Task prompt:
Below are records with pictures in them. Output exactly the lines from the one with "柒牌摇粒绒卫衣男士舒适新款半开立领宽松休闲中青年套头上衣" through the one with "United States Senator Angus", both included, and leave every picture out; give only those lines.

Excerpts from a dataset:
▼▼▼
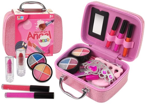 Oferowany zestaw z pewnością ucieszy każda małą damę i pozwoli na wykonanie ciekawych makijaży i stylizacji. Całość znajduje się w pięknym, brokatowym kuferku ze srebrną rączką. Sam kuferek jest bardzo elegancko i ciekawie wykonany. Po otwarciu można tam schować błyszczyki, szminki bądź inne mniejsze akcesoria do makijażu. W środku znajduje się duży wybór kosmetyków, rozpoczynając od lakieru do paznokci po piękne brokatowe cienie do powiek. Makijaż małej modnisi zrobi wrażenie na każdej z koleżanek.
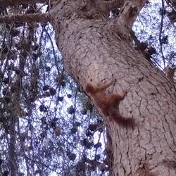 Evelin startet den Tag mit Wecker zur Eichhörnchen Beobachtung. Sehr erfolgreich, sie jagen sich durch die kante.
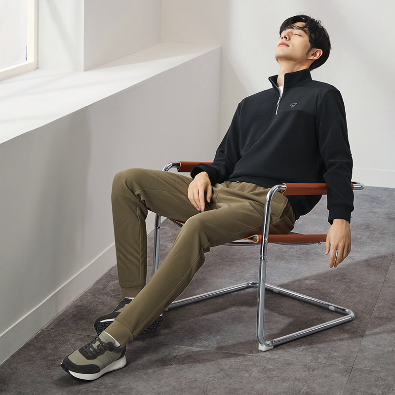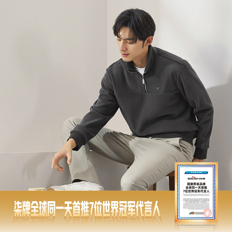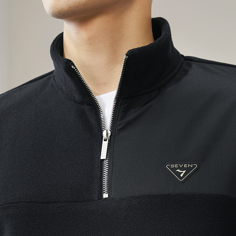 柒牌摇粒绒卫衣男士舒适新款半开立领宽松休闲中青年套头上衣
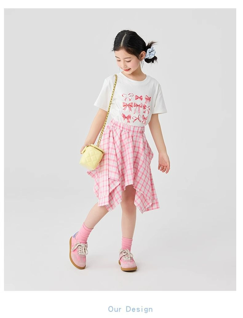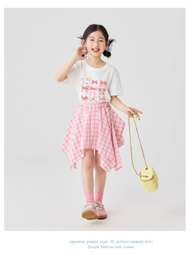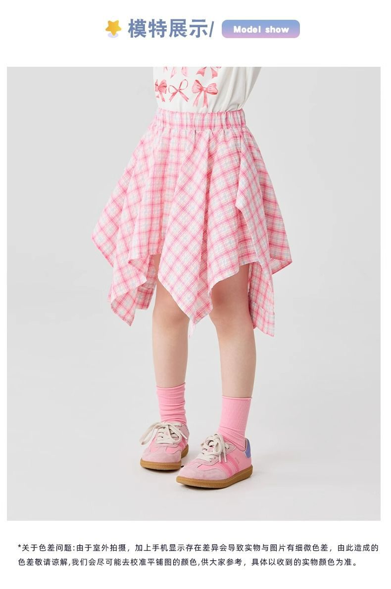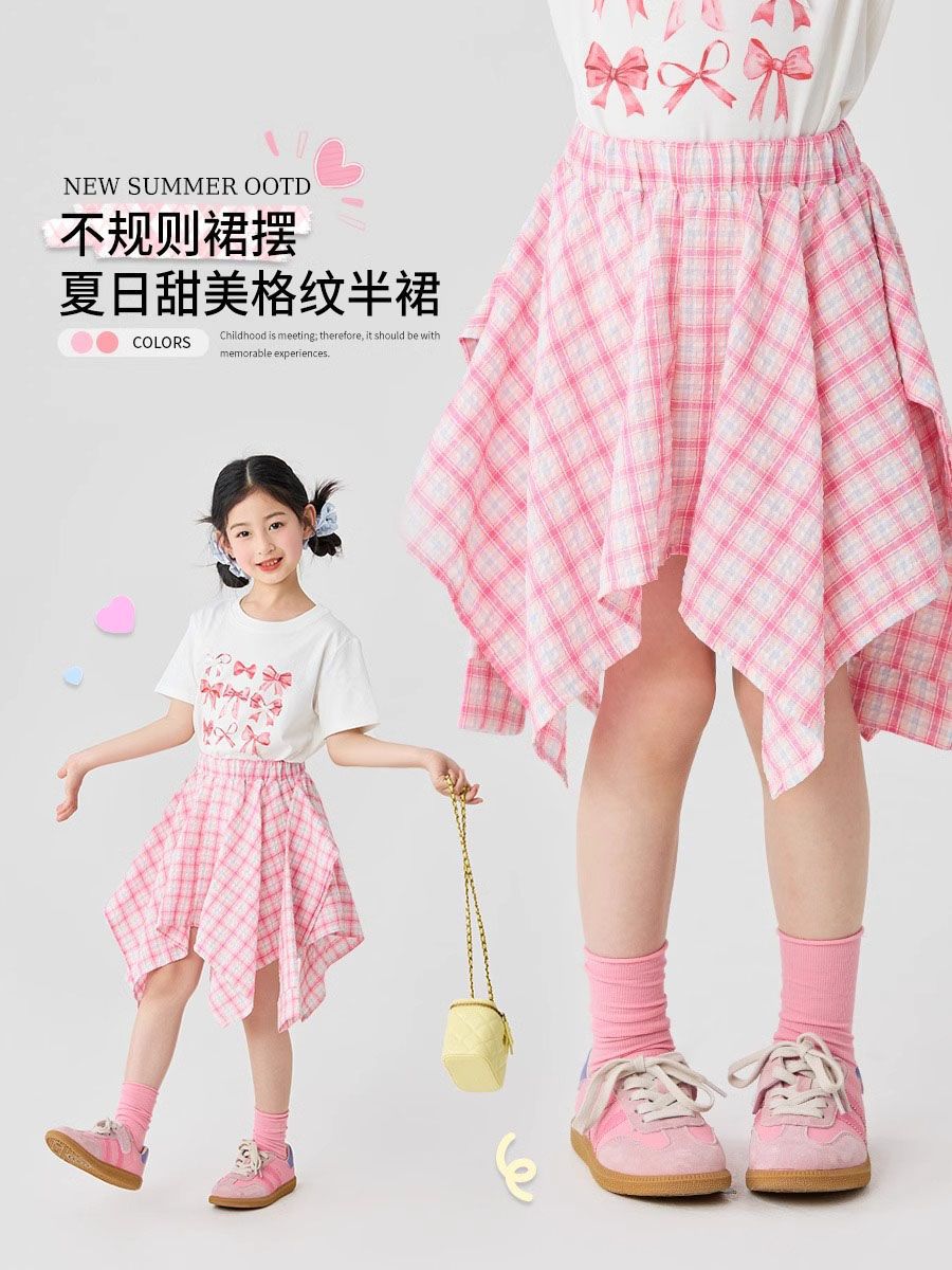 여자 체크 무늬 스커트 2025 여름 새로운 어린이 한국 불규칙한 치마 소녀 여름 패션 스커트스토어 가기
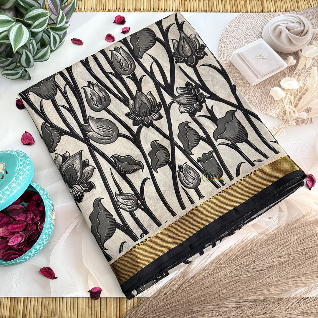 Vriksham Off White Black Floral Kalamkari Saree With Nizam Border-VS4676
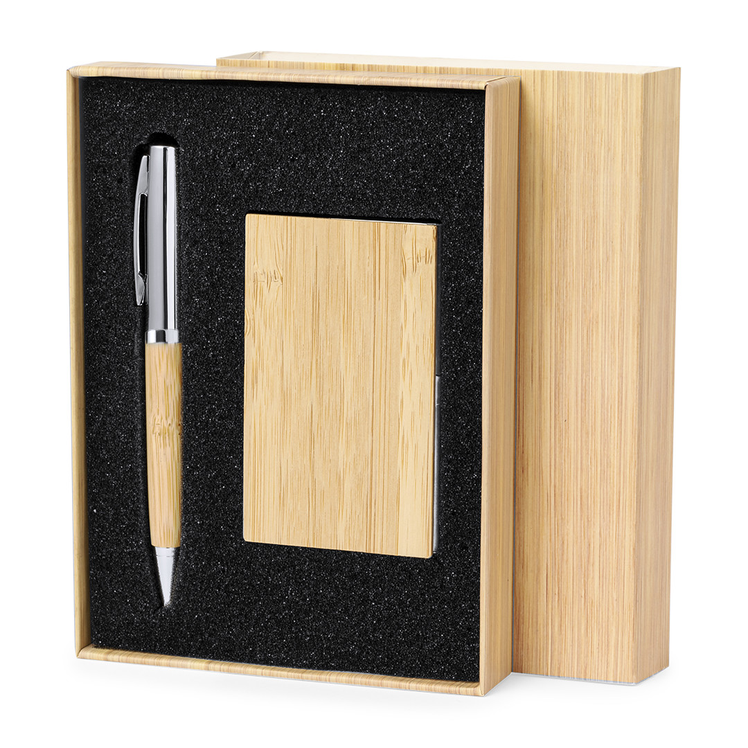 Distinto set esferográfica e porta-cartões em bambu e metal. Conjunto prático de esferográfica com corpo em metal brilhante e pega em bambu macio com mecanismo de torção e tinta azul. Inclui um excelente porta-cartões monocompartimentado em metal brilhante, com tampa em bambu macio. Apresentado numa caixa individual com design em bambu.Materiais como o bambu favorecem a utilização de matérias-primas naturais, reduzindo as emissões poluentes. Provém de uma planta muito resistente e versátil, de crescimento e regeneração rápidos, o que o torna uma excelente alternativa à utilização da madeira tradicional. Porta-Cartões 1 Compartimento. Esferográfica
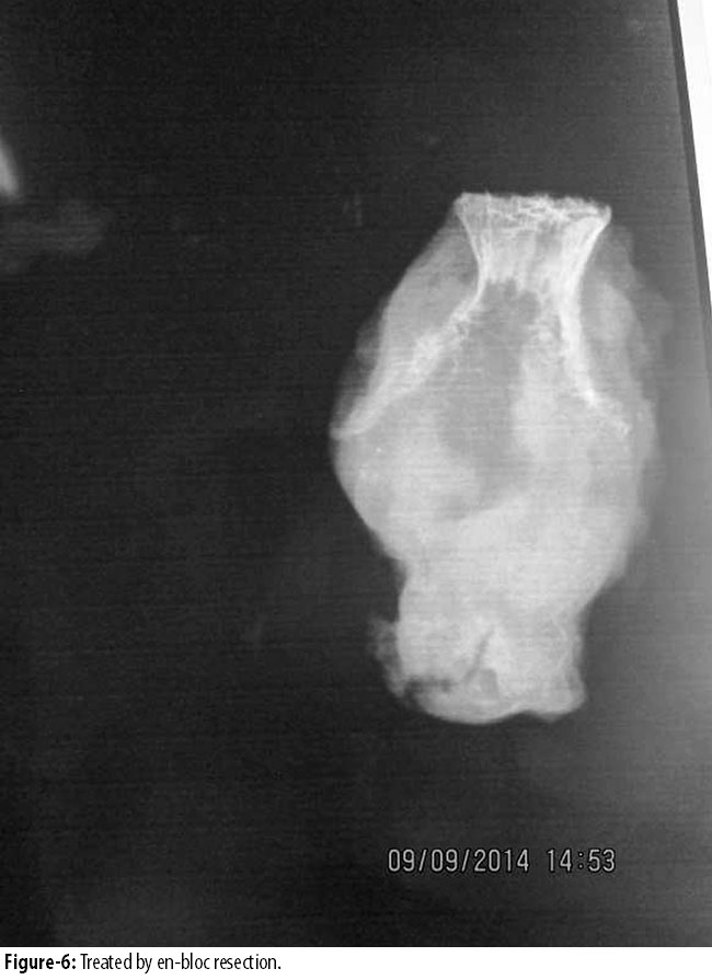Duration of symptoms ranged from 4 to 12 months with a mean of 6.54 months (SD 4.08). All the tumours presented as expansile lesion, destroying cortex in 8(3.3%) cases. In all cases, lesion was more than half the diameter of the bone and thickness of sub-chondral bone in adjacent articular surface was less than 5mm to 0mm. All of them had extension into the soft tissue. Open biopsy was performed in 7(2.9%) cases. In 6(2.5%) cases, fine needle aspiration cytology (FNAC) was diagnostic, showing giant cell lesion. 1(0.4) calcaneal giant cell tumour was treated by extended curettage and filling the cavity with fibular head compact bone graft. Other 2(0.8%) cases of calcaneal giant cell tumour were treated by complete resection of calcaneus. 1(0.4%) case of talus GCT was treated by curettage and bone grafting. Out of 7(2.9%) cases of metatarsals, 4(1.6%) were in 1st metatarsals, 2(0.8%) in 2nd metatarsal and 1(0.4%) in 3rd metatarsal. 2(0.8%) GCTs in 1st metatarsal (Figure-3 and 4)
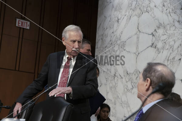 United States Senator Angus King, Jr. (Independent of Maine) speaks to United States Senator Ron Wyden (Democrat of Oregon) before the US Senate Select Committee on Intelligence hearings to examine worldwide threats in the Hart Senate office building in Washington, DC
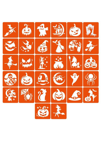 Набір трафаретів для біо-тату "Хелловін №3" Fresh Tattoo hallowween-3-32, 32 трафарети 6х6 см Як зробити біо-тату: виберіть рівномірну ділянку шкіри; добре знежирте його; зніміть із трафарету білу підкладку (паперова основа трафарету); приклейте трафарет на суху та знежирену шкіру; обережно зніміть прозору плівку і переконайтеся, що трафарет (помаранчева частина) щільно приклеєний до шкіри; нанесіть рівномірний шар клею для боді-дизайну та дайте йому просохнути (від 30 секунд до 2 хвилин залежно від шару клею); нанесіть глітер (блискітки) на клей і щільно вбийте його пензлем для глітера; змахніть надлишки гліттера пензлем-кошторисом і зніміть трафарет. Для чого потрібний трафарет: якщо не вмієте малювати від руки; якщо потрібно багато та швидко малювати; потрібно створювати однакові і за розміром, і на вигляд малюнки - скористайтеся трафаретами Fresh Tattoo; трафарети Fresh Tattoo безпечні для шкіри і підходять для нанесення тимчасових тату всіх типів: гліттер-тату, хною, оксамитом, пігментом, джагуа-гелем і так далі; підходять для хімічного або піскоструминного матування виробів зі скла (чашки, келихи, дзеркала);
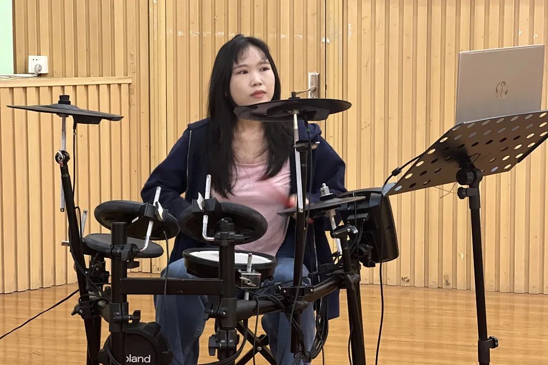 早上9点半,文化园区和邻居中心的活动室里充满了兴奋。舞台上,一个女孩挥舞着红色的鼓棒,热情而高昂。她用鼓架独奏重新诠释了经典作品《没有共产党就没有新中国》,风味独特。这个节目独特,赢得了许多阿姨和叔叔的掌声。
▲▲▲
Task output:
 柒牌摇粒绒卫衣男士舒适新款半开立领宽松休闲中青年套头上衣
 여자 체크 무늬 스커트 2025 여름 새로운 어린이 한국 불규칙한 치마 소녀 여름 패션 스커트스토어 가기
 Vriksham Off White Black Floral Kalamkari Saree With Nizam Border-VS4676
 Distinto set esferográfica e porta-cartões em bambu e metal. Conjunto prático de esferográfica com corpo em metal brilhante e pega em bambu macio com mecanismo de torção e tinta azul. Inclui um excelente porta-cartões monocompartimentado em metal brilhante, com tampa em bambu macio. Apresentado numa caixa individual com design em bambu.Materiais como o bambu favorecem a utilização de matérias-primas naturais, reduzindo as emissões poluentes. Provém de uma planta muito resistente e versátil, de crescimento e regeneração rápidos, o que o torna uma excelente alternativa à utilização da madeira tradicional. Porta-Cartões 1 Compartimento. Esferográfica
Duration of symptoms ranged from 4 to 12 months with a mean of 6.54 months (SD 4.08). All the tumours presented as expansile lesion, destroying cortex in 8(3.3%) cases. In all cases, lesion was more than half the diameter of the bone and thickness of sub-chondral bone in adjacent articular surface was less than 5mm to 0mm. All of them had extension into the soft tissue. Open biopsy was performed in 7(2.9%) cases. In 6(2.5%) cases, fine needle aspiration cytology (FNAC) was diagnostic, showing giant cell lesion. 1(0.4) calcaneal giant cell tumour was treated by extended curettage and filling the cavity with fibular head compact bone graft. Other 2(0.8%) cases of calcaneal giant cell tumour were treated by complete resection of calcaneus. 1(0.4%) case of talus GCT was treated by curettage and bone grafting. Out of 7(2.9%) cases of metatarsals, 4(1.6%) were in 1st metatarsals, 2(0.8%) in 2nd metatarsal and 1(0.4%) in 3rd metatarsal. 2(0.8%) GCTs in 1st metatarsal (Figure-3 and 4)
 United States Senator Angus King, Jr. (Independent of Maine) speaks to United States Senator Ron Wyden (Democrat of Oregon) before the US Senate Select Committee on Intelligence hearings to examine worldwide threats in the Hart Senate office building in Washington, DC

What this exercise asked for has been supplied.